Some of the lights up in the sky are so far away that the light is only just reaching us from when they were first born, and so we can never really ever claim to know what “now” actually is. When we look at the moon, we’re actually looking at it as it was one and a half seconds ago, and when we see the sun, it’s the sun as it was just under nine minutes ago, and we only know for sure what the rest of the universe used to look like once upon a very long ago. So does the reality of “nowness” ever overtake the light from “then”, and make it possible for the universe to exist in both a past and present state? In other words, if we actually set off to visit another star, what are the chances of it still being there when we get there? If we spot a nice cosy little planet to escape to when the sun has its final fling, the destination might also be a barren rock when we arrive.
If we look too far beyond the stars do we see the nothingness that we came from, or will we finally see what lies beyond infinity? When the light from the big bang finally reaches us and the creation of the universe is visible for us to see, what happens next? We would be witnessing the actual moment of creation of the thing we’ve comfortably been sitting evolving upon for four and a half billion years.
I was watching “The Sky at Night” a couple of editions ago when they happened to mention in passing that the stars in one of the nebulae that they were discussing were 1500 light years away. In the middle of the constellation of Orion, one of the most recognisable of the celestial star groups that we can see here in the northern hemisphere, there is a line of three stars making up (with a little imagination) a kind of a belt. Just below this belt there is a faint line of heavenly bodies making up a kind of scabbard for the sword of Orion, and that is where that particular nebula is, so when you’re looking at the light from that point in the sky on a clear dark night, you are looking back in time.
When the light we see today left that star, the world was a very different place. 1500 years ago we were in what we now call the Dark Ages (although to be fair there was probably just as much daylight as we have now, Ho Ho…) and the Roman Empire was still trying to cling on to the last vestiges of what it called civilisation, battling against the barbarians at the gate, and a few good men were doing what they could to preserve what they could of it for future generations like us. Meanwhile the Saxons were just taking up residence in ancient Britain to become what we now know as Anglo-Saxons. At the same time, half a world away, in China, a cornerstone of the culinary lifestyle of the far future was being experimented with as their first recorded use of garlic comes from around that period.

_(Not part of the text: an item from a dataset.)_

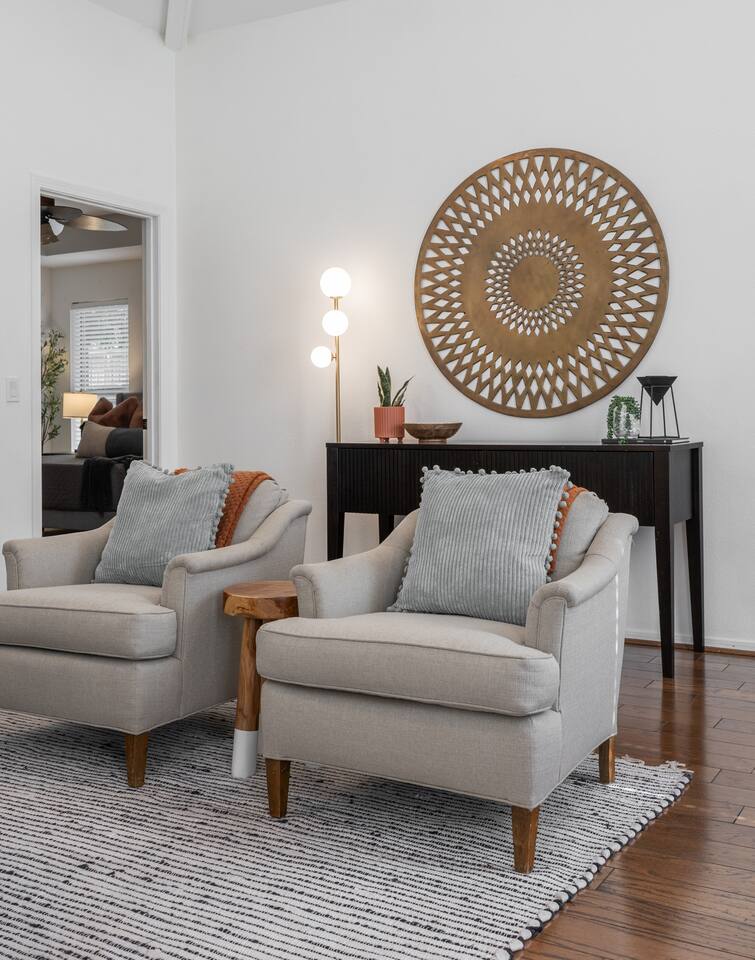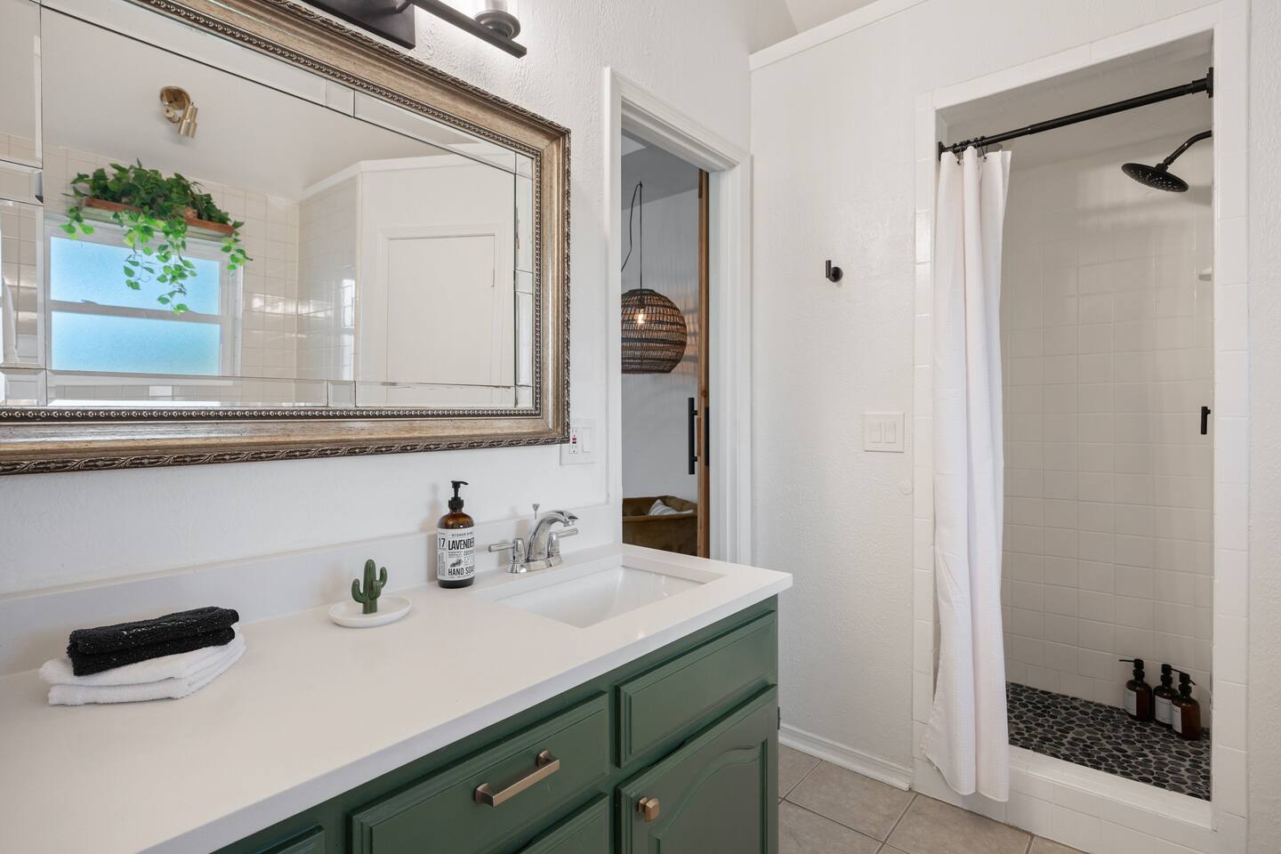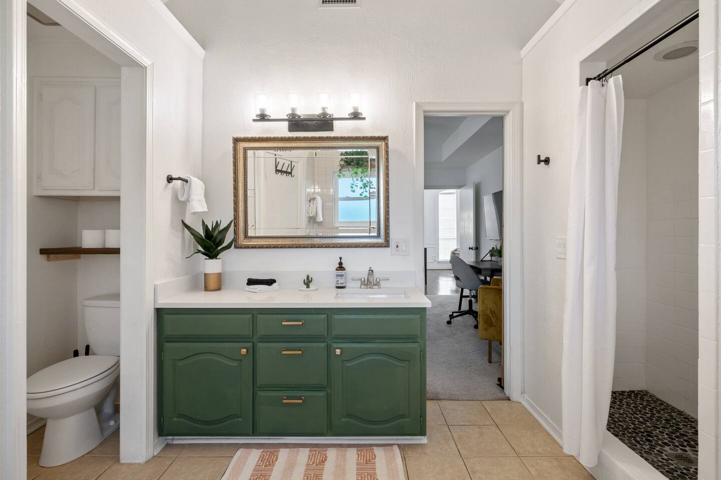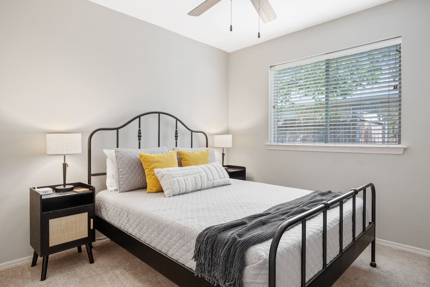 King Suite with Ensuite Bathroom: - Privately located at the back of the house - King memory foam mattress - Desk with office chair and high speed internet - Smart TV - Ensuite Bathroom with soaking tub and walk-in shower - Stocked with shampoo, conditioner & body wash - Additional AC unit for maximum cooling - luggage rack - Extra extension outlet for all your electronics Guest Bedroom #1 - Queen memory foam mattress - Large closet - Luggage rack - Extension outlet Guest Bedroom #2 - Queen memory foam mattress - Large closet - Luggage rack - Extension outlet - Pack n Play - High Chair Guest Bathroom - Conveniently located off of the main living area, separating both Guest bedrooms - Stocked with shampoo, conditioner, & body wash Kitchen and Dinning Room: - Stocked with Pots & Pans - Includes children's plates, cups and utensils - Games - Keurig Duo with K-cups for your enjoyment - Front loading LG Washer and Dryer Living Room: - Large Sofa and chairs, seating for 6 - Fireplace - Smart TV Patio: - Large table and chairs - BBQ Grill - Outdoor Lighting - Opens up to large backyard *Private 2 Car Garage with garage door remote for your convenience
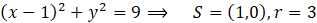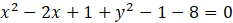 Przekształć równanie okręgu, do uzyskania jego środka i promienia. Dodaj i odejmij 1 z lewej strony równania.

Sometimes it’s hard to believe how far human beings have progressed in such short amounts of time. It took less than one lifetime for us to move from our short, faltering steps in the pursuit of powered flight to being able to put a man on the moon (and about the same amount of time to all but forget how to do it… but that’s a rant for another day). The first powered flight lasted 12 seconds and 120 feet and later on that day, another lasted 59 seconds and moved the aircraft 852 feet and yet, within 55 years, the Boeing 707 was being developed with a range of 4000 miles and shortly after that, men travelled over 240,000 miles in about 72 hours and looked back on this world of ours from the surface of another.
Put another way, the lifetime of the Queen Mother (1900-2002) was just over a century. If you calculate that as being one single human lifespan (albeit an unusually long one) we are only fifteen lifetimes away from those dark ages, only four lifetimes away from the days of sail and cannon and Sir Francis Drake, and less than three from the first steamships. If they’d been lucky enough to live long enough, we are theoretically only two (admittedly long-lived) generations away from the birth of the industrial revolution and our grandmothers could have sat us on their knees and told us tales of the world before steam.
We can watch the stars in the sky, but we don’t really even know if they are still actually there. Human lifetimes are so short in relation to that of an actual star (despite us all being made of stardust of course, and therefore, by some interpretations essentially immortal), that it is unlikely (but not impossible) that we will see the death of a star in our lifetimes, but if we do, maybe we should take a step back and gaze in awe and wonder at the cosmic dance going on constantly in the skies above our heads.
For all we know, one of those stars in that nebula I was telling you about might have blown up 1000 years ago and we wouldn’t know it yet, and we still wouldn’t for another 500 years, and it’s a very similar story for every one of those pinpricks of light you see when you look up at night.
When you look at a star you’re looking into history. You’re looking back in time. But then, infinitesimally, you are even when you look across the room at someone, or even if you look at your own hand, because of the small amount of time that it takes for the light to reach your eye and be interpreted. It seems that even our own feet are slightly older than the rest of us, and always will be, and so we really can all claim that we’re time-travellers now.
What an interesting thought measuring time in human lifetimes is. I've read that most first world children alive today will reach their nineties and hundreds, some may not even die at all. How scary time is. I used to think that I wanted to live forever, but now I'm not so sure. If I'm this jaded after little more than half a century what on earth would I be like after a thousand years?